Gram-positive bacteria continue to be altered during morphine withdrawal. The relative abundance of the genus was plotted in box plots and separated into groups, recovered gram-negative bacteria (a), recovered gram-positive bacteria (b), altered gram-positive bacteria (c). T-test and Mann–Whitney test used for statistical analysis with numerical p values represented above graph. For all graphs n = 7–10 with four replicates of n = 2–3.

Figure 4.

Antibiotics alter the withdrawal response. Schematic of antibiotic and drug treatment for four groups: antibiotic and morphine (ABX+MORPH), antibiotic and placebo (ABX+PLCB), water and morphine (H2O+MORPH) and water and placebo (H2O+PLCB) (a). The mean total withdrawal score (b) and mean number of jumps (c) were plotted with SEM error bars. N = 9–10 per group with replicates of 2–3 repeated four times. Statistical analysis by two-way ANOVA, Tukey’s multiple comparisons test, with the significance between the ABX+MORPH and H2O+MORPH groups represented with **p < .01, ***p < .001, ****p < .0001. Alternative antibiotic timepoint with the same four treatment groups: antibiotic and morphine (ABX+MORPH), antibiotic and placebo (ABX+PLCB), water and morphine (H2O+MORPH) and water and placebo (H2O+PLCB) (d). The mean total withdrawal was plotted with SEM error bars. Statistical analysis by two-way ANOVA, Tukey’s multiple comparisons test, *p < .05, and ***p < .001 represents the significant differences between the ABX+MORPH and H2O+MORPH groups. N = 9–10 per group with four replicates of 2–3.

Figure 5.

Microbiome after antibiotic treatment. 16s RNA sequencing results of the alpha diversity measured by the Shannon alpha diversity index and plotted in box plots (a). Significance between groups is labeled with *p < .05, **p < .01, ***p < .001. Box plots of the relative abundance of the phylum at 24 h post pellet removal and Wilcox statistical analysis (b). The significant results are indicated by *p < .05, **p < .01, all other differences are not statistically significant. Relative abundance of the genus is displayed in box plot with significant results, of the Wilcox statistical analysis, displayed with *p < .05, **p < .01, ***p < .001, all other differences are p > .05. For all graphs in this figure have an n = 7–9 with four replicates of n = 2–3 per group.

Figure 6.

Germ-Free mice and TLR2 whole body knockout mice display less somatic withdrawal symptoms. Germ-Free mouse paradigm with two groups: germ-free (GF) and specific pathogen free (SPF) (a). The mean total withdrawal (b) and mean number of jumps (c) are plotted with SEM error bars and an n = 6 per group.

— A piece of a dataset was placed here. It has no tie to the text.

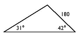 Respuesta: El ángulo se puede obtener con el teorema de la suma de los 3 ángulos de un triángulo y el lado se puede obtener con la ley de senos ya que se conoce un ángulo y su lado opuesto.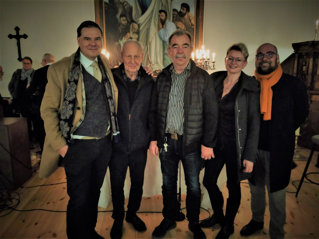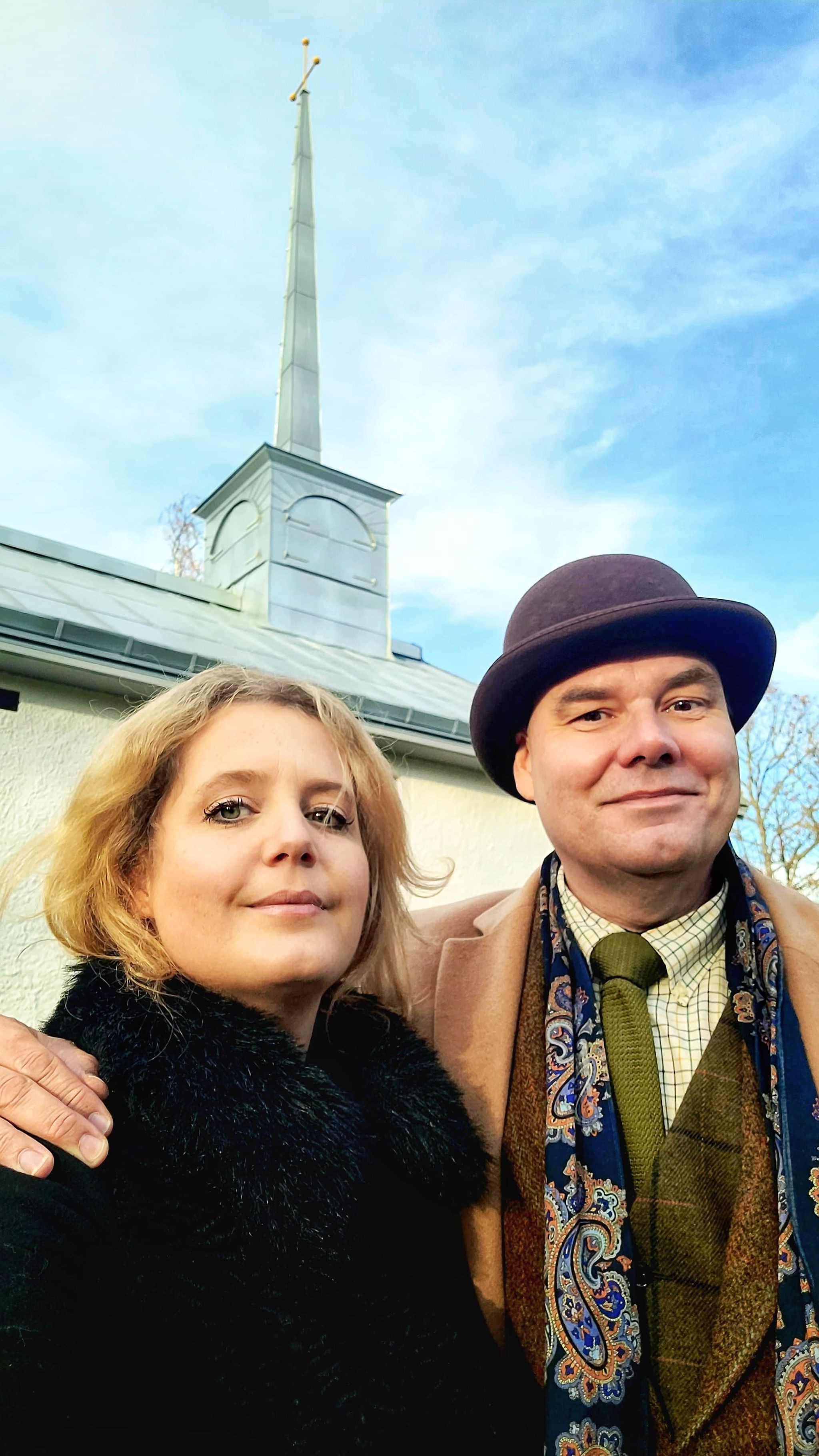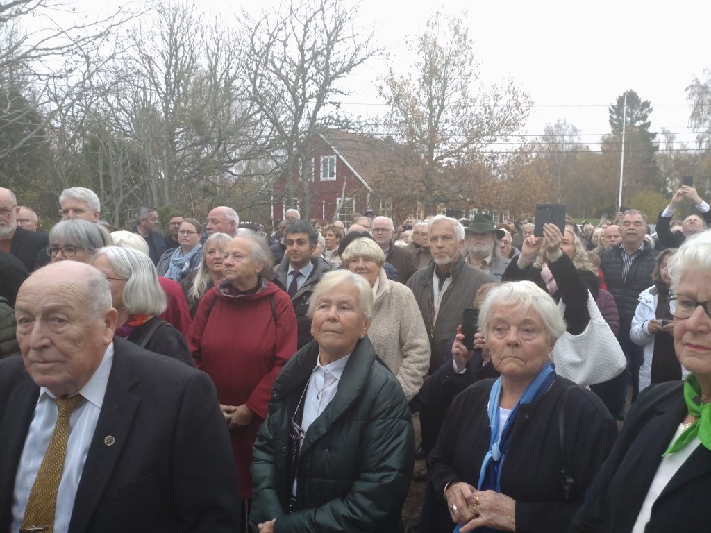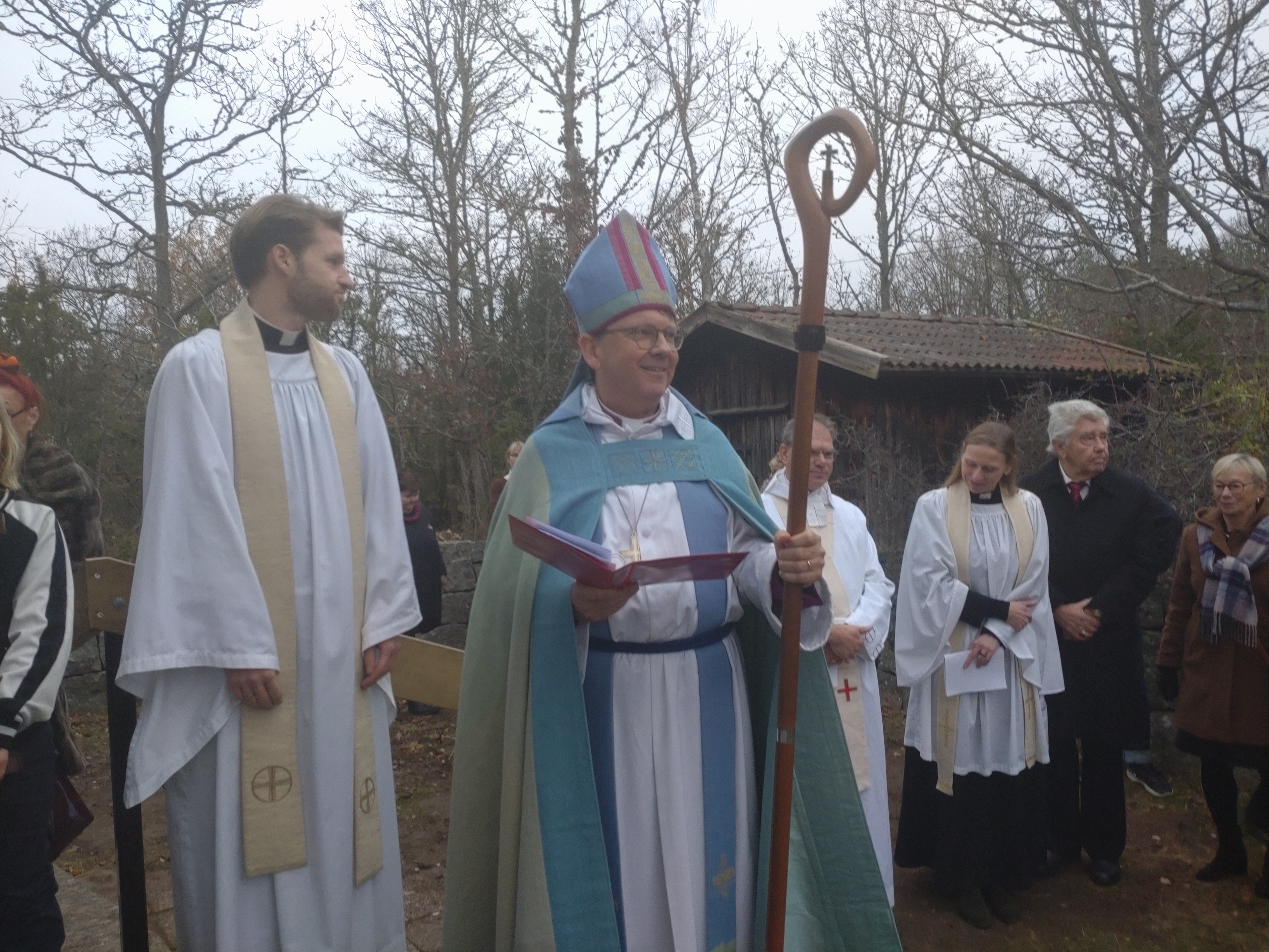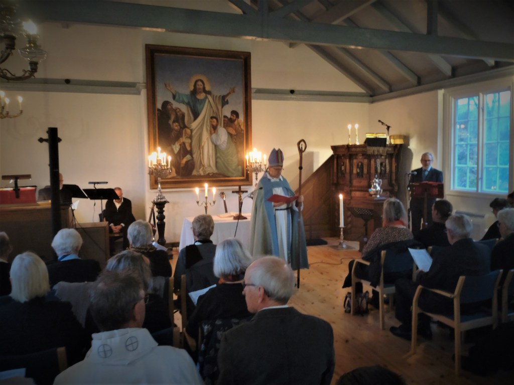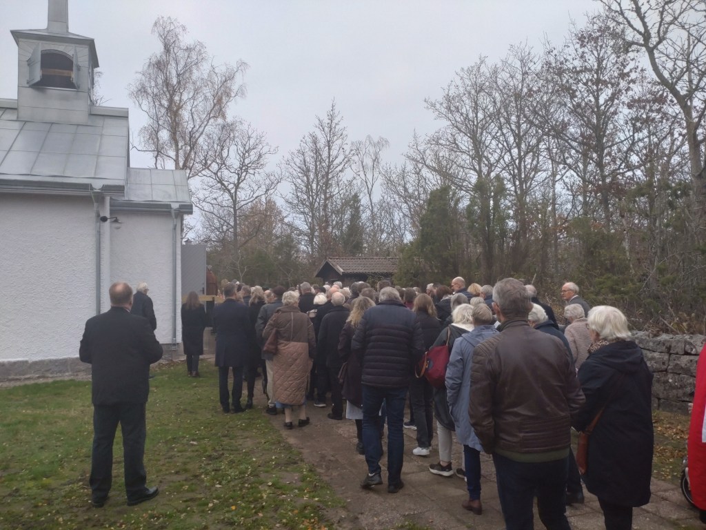 Så var det dags! Biskop Johan Tyrberg på plats utanför kyrkporten för att officiera återinvigningen av Tjurkö kyrka efter den omfattande renoveringen. En stor händelse på ön, givetvis. Många hade samlats för att närvara vid denna historiska begivenhet.Drygt 150 personer köade för att komma in. Festgudstjänst. Även såsom oförbätterlig hedning måste jag medge att det var en stämningsfull upplevelse. Några av oss som var där. Jag och pappa, David Ekelund från mormor Ruths Tjurköklan, samt vännerna Selma Matthiasdottir och Lars Brissmalm från Socialdemokraterna som i kyrkopolitiken varit drivande för att rädda Tjurkö kyrka.

Statistical analysis by two-way ANOVA, Tukey’s multiple comparisons test, **p < .01, ****p < .0001 compared between the germ-free and SPF mice. TLR4 and TLR2 whole body knockout model paradigm with six total groups: TLR2 knockout with morphine or placebo (TLR2 K/O MORPH and TLR2K/O PLCB) TLR4 knockout with morphine or placebo (TLR4 K/O MORPH and TLR4 K/O PLCB) and wildtype animals with morphine or placebo (WT MORPH and WT PLCB) (d). Mean number of jumps (e) are plotted it with SEM error bars. Statistical analysis by two-way ANOVA, Tukey’s multiple comparisons test, *p < .05 compared between the TLR2 K/O MORPH and WT MORPH groups. There was an n = 9–11 per group. Replicates were run with 1–3 per group repeated five times.